▶ [Data provided]:
★ ★ ★ ★ ★

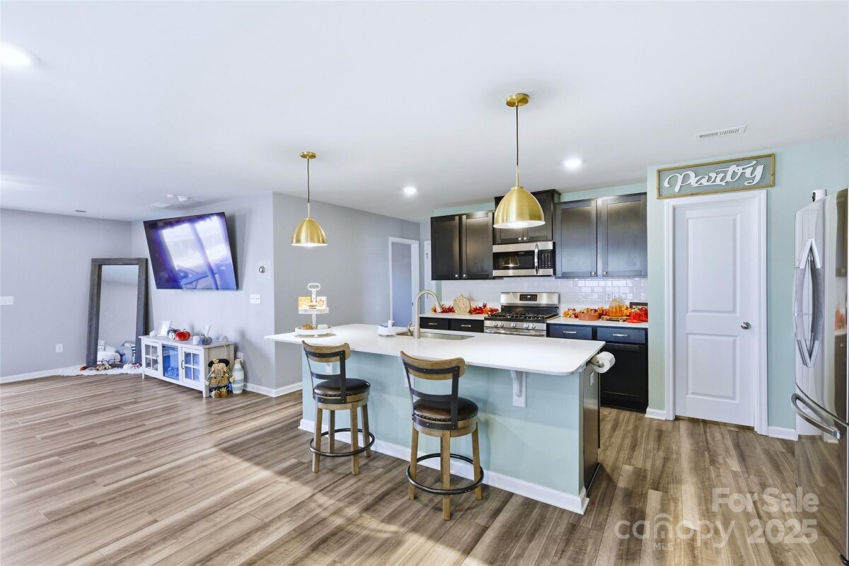 Welcome to this well-maintained and spacious 2022-built home featuring 5 bedrooms and 3 full bathrooms. The main level offers a bright, open layout with a comfortable living area and a modern kitchen that includes a large island, stainless steel appliances, a walk-in pantry, and ample cabinet space. A main-floor bedroom and full bathroom provide flexibility for guests, office use, or other needs. The upper level includes the primary suite with a walk-in closet, along with additional well-sized bedrooms and a full hall bath. The home also offers a two-car garage, a front porch, and a level yard that is easy to maintain. This home is located in a neighborhood that features a community playground, with convenient access to the Monroe Expressway (US-74 Bypass) and other major routes. A move-in-ready option with space for a variety of lifestyles.
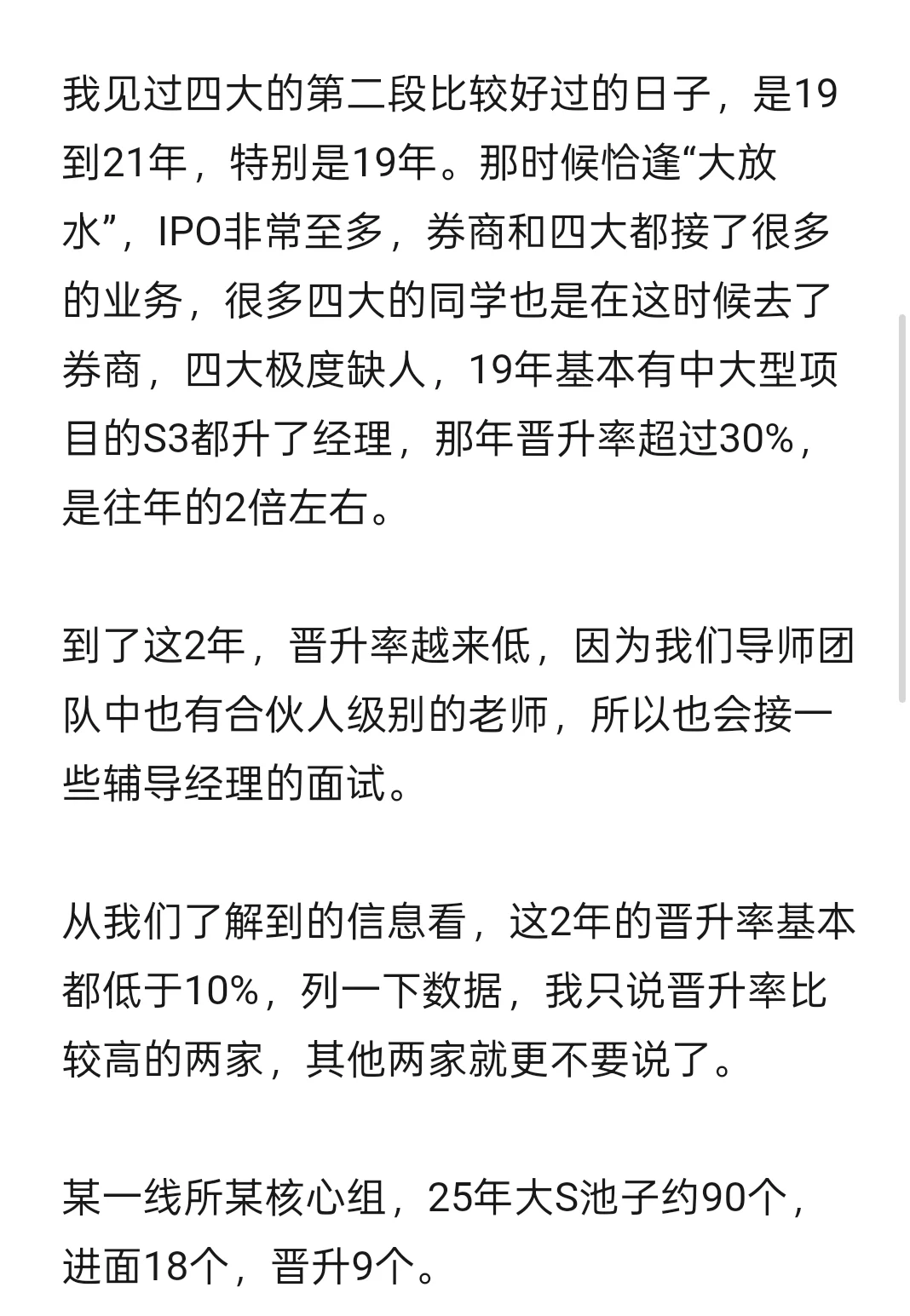 我见过四大的第二段比较好过的日子,是19到21年,特别是19年。那时候恰逢“大放水”,IPO非常至多,券商和四大都接了很多的业务,很多四大的同学也是在这时候去了券商,四大极度缺人,19年基本有中大型项目的S3都升了经理,那年晋升率超过30%,是往年的2倍左右。
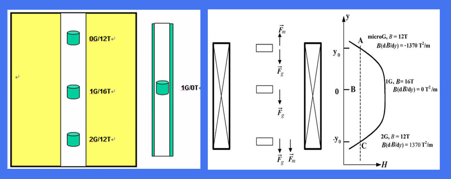 本实验室拥有的超导磁体(JMT16T50F),最大磁感强度16T,磁化水平B·(dB/dz)可达-1500T2/m~1100T2/m,可模拟失重到超重(0G-2G)的重力条件,具备悬浮包括生物、水等抗磁性物质的能力。该磁体是世界上第三台具备悬浮能力的超导磁体,也是目前是我国唯一具备悬浮生命物质能力的磁体。

★ ★ ★ ★ ★

▶ [What the task asks]: Leave out the pictures and give the rest of the material again, unaltered.

▶ [Response area]:
 Welcome to this well-maintained and spacious 2022-built home featuring 5 bedrooms and 3 full bathrooms. The main level offers a bright, open layout with a comfortable living area and a modern kitchen that includes a large island, stainless steel appliances, a walk-in pantry, and ample cabinet space. A main-floor bedroom and full bathroom provide flexibility for guests, office use, or other needs. The upper level includes the primary suite with a walk-in closet, along with additional well-sized bedrooms and a full hall bath. The home also offers a two-car garage, a front porch, and a level yard that is easy to maintain. This home is located in a neighborhood that features a community playground, with convenient access to the Monroe Expressway (US-74 Bypass) and other major routes. A move-in-ready option with space for a variety of lifestyles.
 我见过四大的第二段比较好过的日子,是19到21年,特别是19年。那时候恰逢“大放水”,IPO非常至多,券商和四大都接了很多的业务,很多四大的同学也是在这时候去了券商,四大极度缺人,19年基本有中大型项目的S3都升了经理,那年晋升率超过30%,是往年的2倍左右。
 本实验室拥有的超导磁体(JMT16T50F),最大磁感强度16T,磁化水平B·(dB/dz)可达-1500T2/m~1100T2/m,可模拟失重到超重(0G-2G)的重力条件,具备悬浮包括生物、水等抗磁性物质的能力。该磁体是世界上第三台具备悬浮能力的超导磁体,也是目前是我国唯一具备悬浮生命物质能力的磁体。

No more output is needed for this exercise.